> [Data provided]
[Start of Attachment]

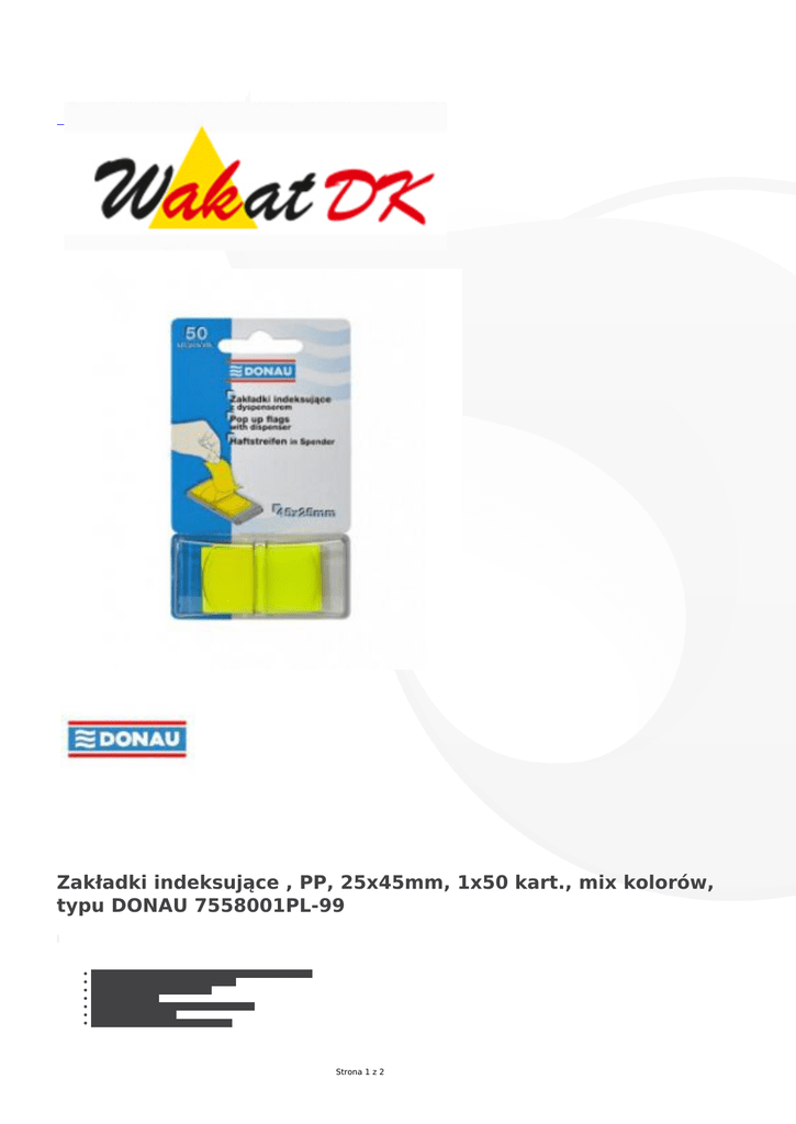 Zakładki indeksujące , PP, 25x45mm, 1x50 kart., mix kolorów, typu DONAU 7558001PL-99 idealne do pozostawienia wiadomości zarówno w biurze jak i domu ilość zakładek: 1x50 w rozmiarze 25x45mm wykonane z folii PP o grubości 60μm wielorazowe, cienkie można po nich pisać cienkopisami lub markerami dyspenser wykonany z PP zakładki w intensywnych, żywych kolorach Strona 1 z 2 klej usuwalny za pomocą wody mix kolorów (żółty, różowy, pomarańczowy, zielony) Strona 2 z 2
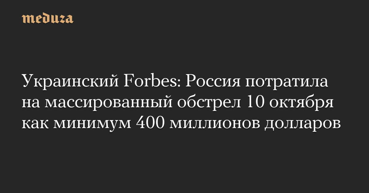 Украинский Forbes: Россия потратила на массированный обстрел 10 октября как минимум 400 миллионов долларов
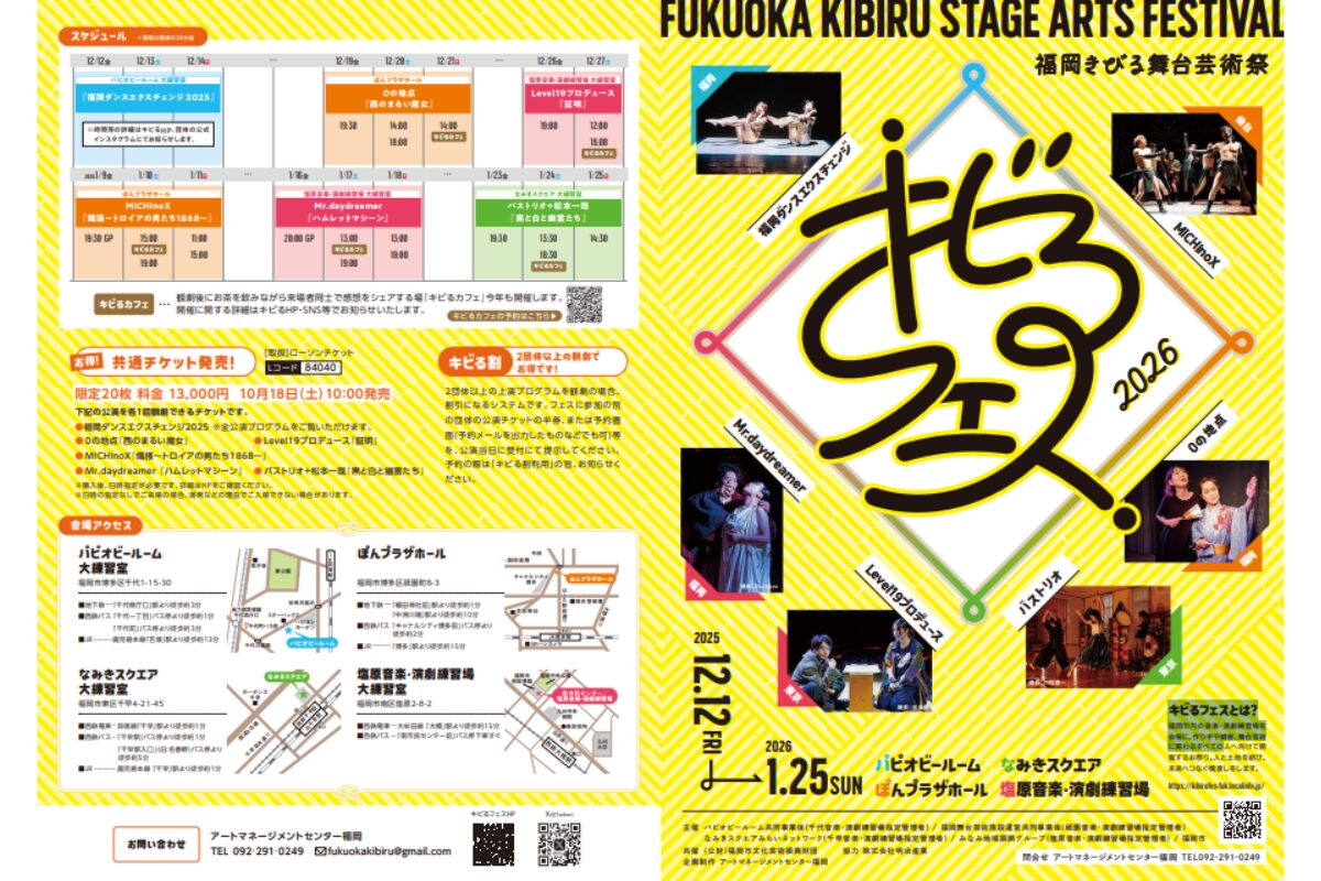 福岡の冬を彩る舞台芸術の祭典「キビるフェス2026(福岡きびる舞台芸術祭)」が、2025年12月12日(金)から2026年1月25日(日)まで開催されます。市内4会場を舞台に、演劇やダンス、トーク企画など多彩なプログラムが楽しめる大型フェスティバルです。
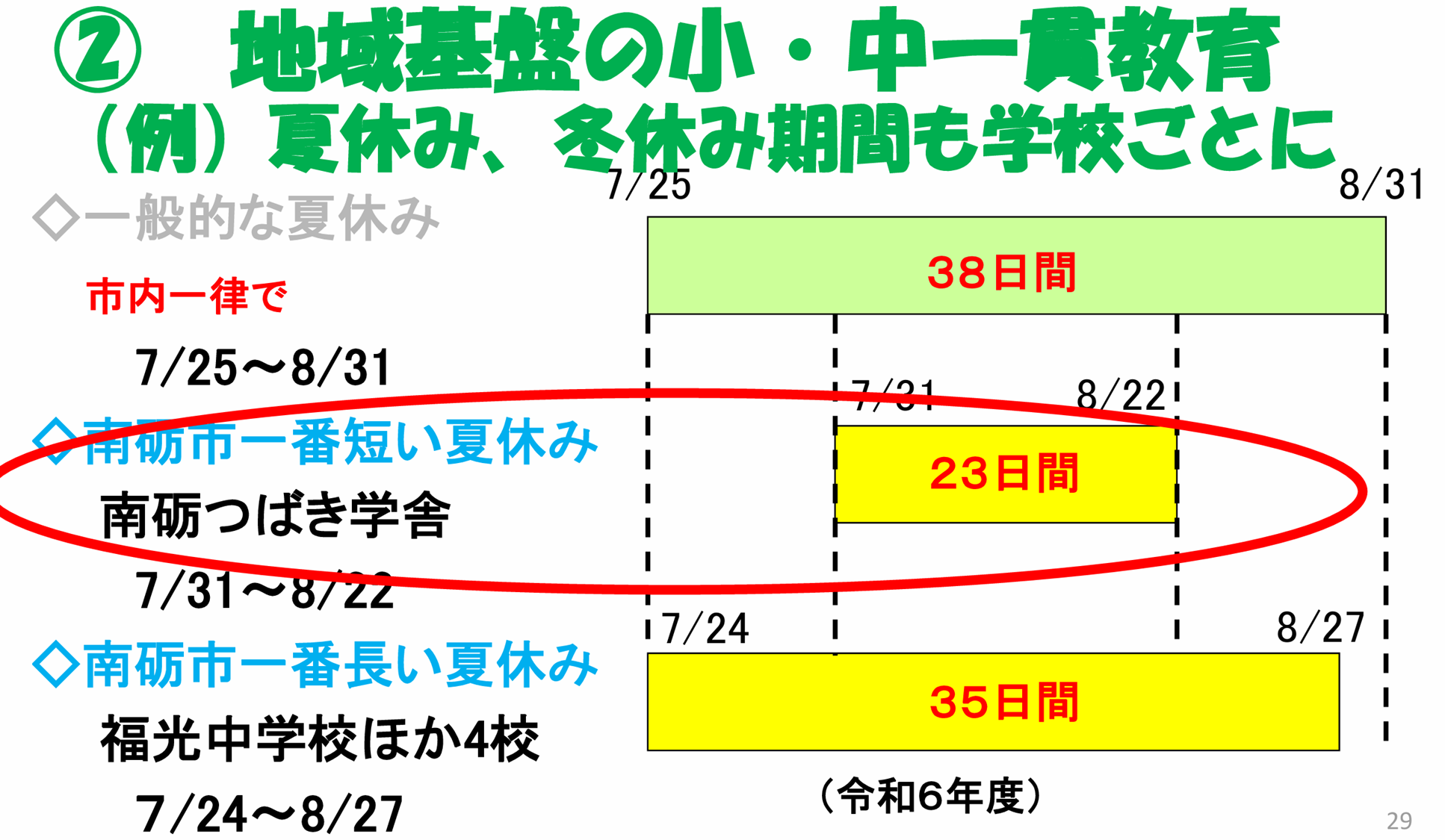 ②夏休みを減らして6限をなくす
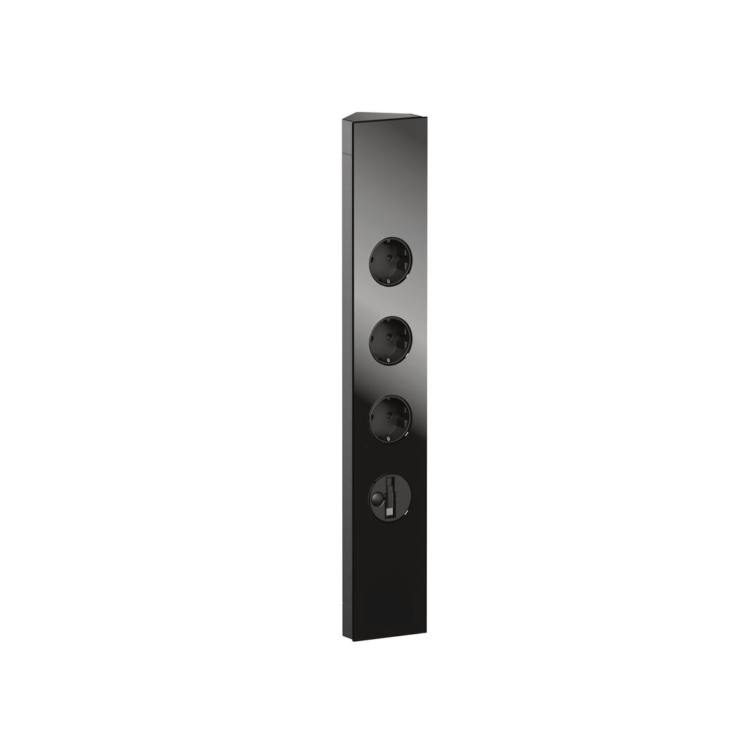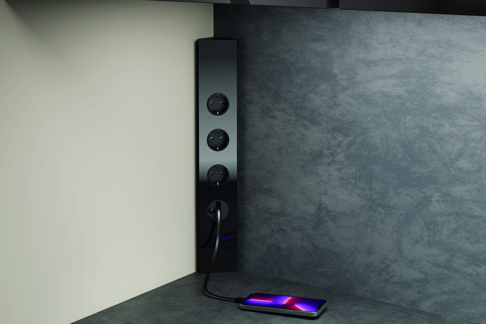 Eck-Steckdosenelement. 3-fach und ausziehbarem USB C Ladekabel. Praktische snap-in und snap-out Funktion des USB-C Steckerkabels im Gehäuse. Frontseite in bedrucktem und kratzfestem Glas, für 90° Ecke.
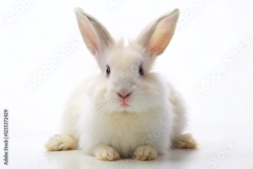 White Fluffy Bunny Rabbit Isolated on a White Background
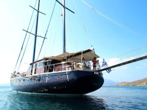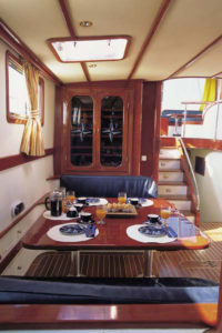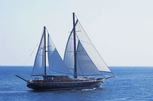 A high standard motor sailer, built in 1997 and renovated in 2009, she combines a magnificient Aegean pine wooden hull with modern sailing equipment and 400m2 sail area. Her luxurious large master suite and four double luxurious cabins with ensuite showers can comfortably accommodate ten guests, while its professionally skilled crew of four (Captain, Chef, Deckhand and Steward), accommodated in totally separate quarters with own facilities, guarantees exceptional service and an unforgettable travel experience. The unusually wide saloon with rosewood and blue leather interior offers a lounging area with large windows, which ensure a bright daytime environment. A fully equipped bar and a dinning area in the lower deck offer further space for refreshing cocktails and more formal dining. The aft deck is ideal for all al fresco luncheons shaded by full awing, or a romantic dinner under the stars.
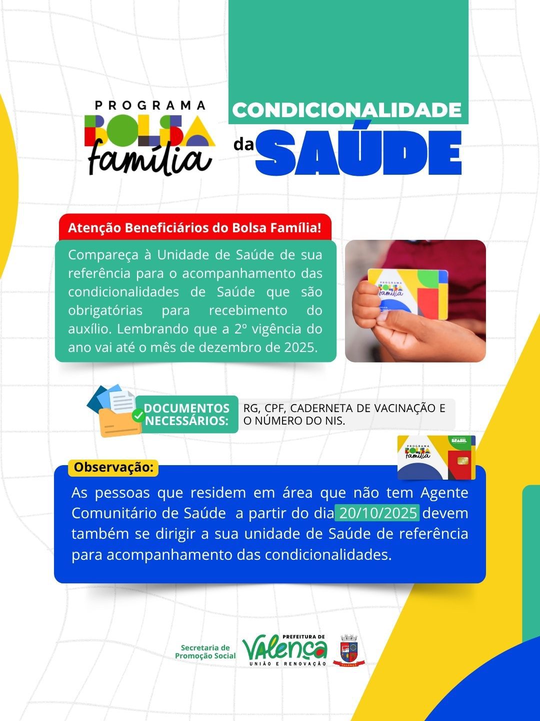 A Prefeitura de Valença, por meio da Secretaria de Promoção Social, informa que já começou o acompanhamento das condicionalidades de saúde do Programa Bolsa Família, etapa obrigatória para a continuidade do recebimento do benefício.
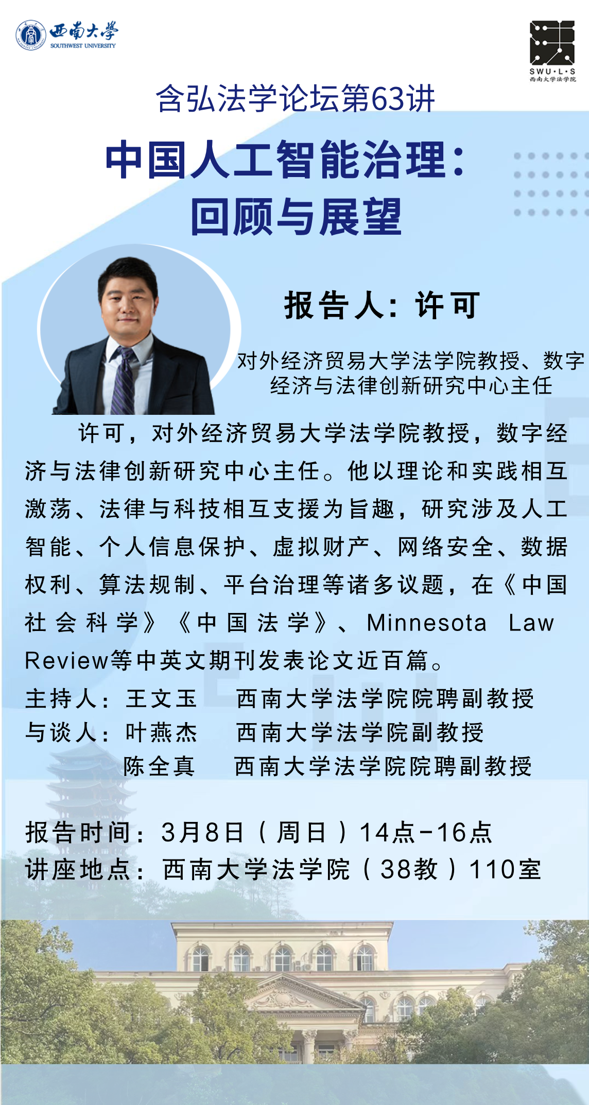 【含弘法学论坛第63讲】(3月8日)许可:《中国人工智能治理:回顾与展望》
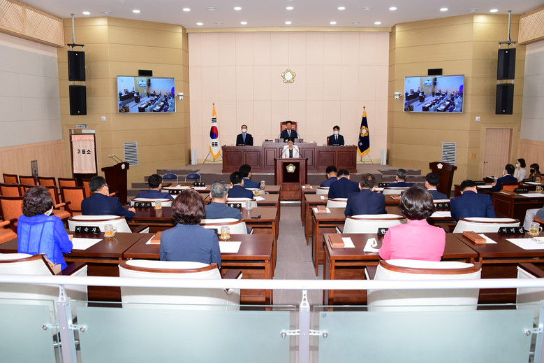 오후 2시 의회 본회의장에서 열린 제9대 의회 개원식에는 전평기 의장의 선창으로 전체 의원이 의원선서문을, 이어 이미선 부의장이 대표로 의원윤리강령을 낭독했다.
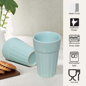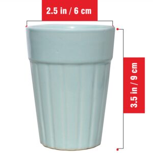 Pure Source India Ceramic Cutting Tea/Chai Cups | 120 ml| Hot & Cold Coffee Mug, Milk & Tea Cup Set (6 Pcs, Sea Green)

[End of Attachment]

> [Exercise details] Without including any pictures, print all of the material exactly as given.

> [Solution to the exercise]
 Zakładki indeksujące , PP, 25x45mm, 1x50 kart., mix kolorów, typu DONAU 7558001PL-99 idealne do pozostawienia wiadomości zarówno w biurze jak i domu ilość zakładek: 1x50 w rozmiarze 25x45mm wykonane z folii PP o grubości 60μm wielorazowe, cienkie można po nich pisać cienkopisami lub markerami dyspenser wykonany z PP zakładki w intensywnych, żywych kolorach Strona 1 z 2 klej usuwalny za pomocą wody mix kolorów (żółty, różowy, pomarańczowy, zielony) Strona 2 z 2
 Украинский Forbes: Россия потратила на массированный обстрел 10 октября как минимум 400 миллионов долларов
 福岡の冬を彩る舞台芸術の祭典「キビるフェス2026(福岡きびる舞台芸術祭)」が、2025年12月12日(金)から2026年1月25日(日)まで開催されます。市内4会場を舞台に、演劇やダンス、トーク企画など多彩なプログラムが楽しめる大型フェスティバルです。
 ②夏休みを減らして6限をなくす
 Eck-Steckdosenelement. 3-fach und ausziehbarem USB C Ladekabel. Praktische snap-in und snap-out Funktion des USB-C Steckerkabels im Gehäuse. Frontseite in bedrucktem und kratzfestem Glas, für 90° Ecke.
 White Fluffy Bunny Rabbit Isolated on a White Background
 A high standard motor sailer, built in 1997 and renovated in 2009, she combines a magnificient Aegean pine wooden hull with modern sailing equipment and 400m2 sail area. Her luxurious large master suite and four double luxurious cabins with ensuite showers can comfortably accommodate ten guests, while its professionally skilled crew of four (Captain, Chef, Deckhand and Steward), accommodated in totally separate quarters with own facilities, guarantees exceptional service and an unforgettable travel experience. The unusually wide saloon with rosewood and blue leather interior offers a lounging area with large windows, which ensure a bright daytime environment. A fully equipped bar and a dinning area in the lower deck offer further space for refreshing cocktails and more formal dining. The aft deck is ideal for all al fresco luncheons shaded by full awing, or a romantic dinner under the stars.
 A Prefeitura de Valença, por meio da Secretaria de Promoção Social, informa que já começou o acompanhamento das condicionalidades de saúde do Programa Bolsa Família, etapa obrigatória para a continuidade do recebimento do benefício.
 【含弘法学论坛第63讲】(3月8日)许可:《中国人工智能治理:回顾与展望》
 오후 2시 의회 본회의장에서 열린 제9대 의회 개원식에는 전평기 의장의 선창으로 전체 의원이 의원선서문을, 이어 이미선 부의장이 대표로 의원윤리강령을 낭독했다.
 Pure Source India Ceramic Cutting Tea/Chai Cups | 120 ml| Hot & Cold Coffee Mug, Milk & Tea Cup Set (6 Pcs, Sea Green)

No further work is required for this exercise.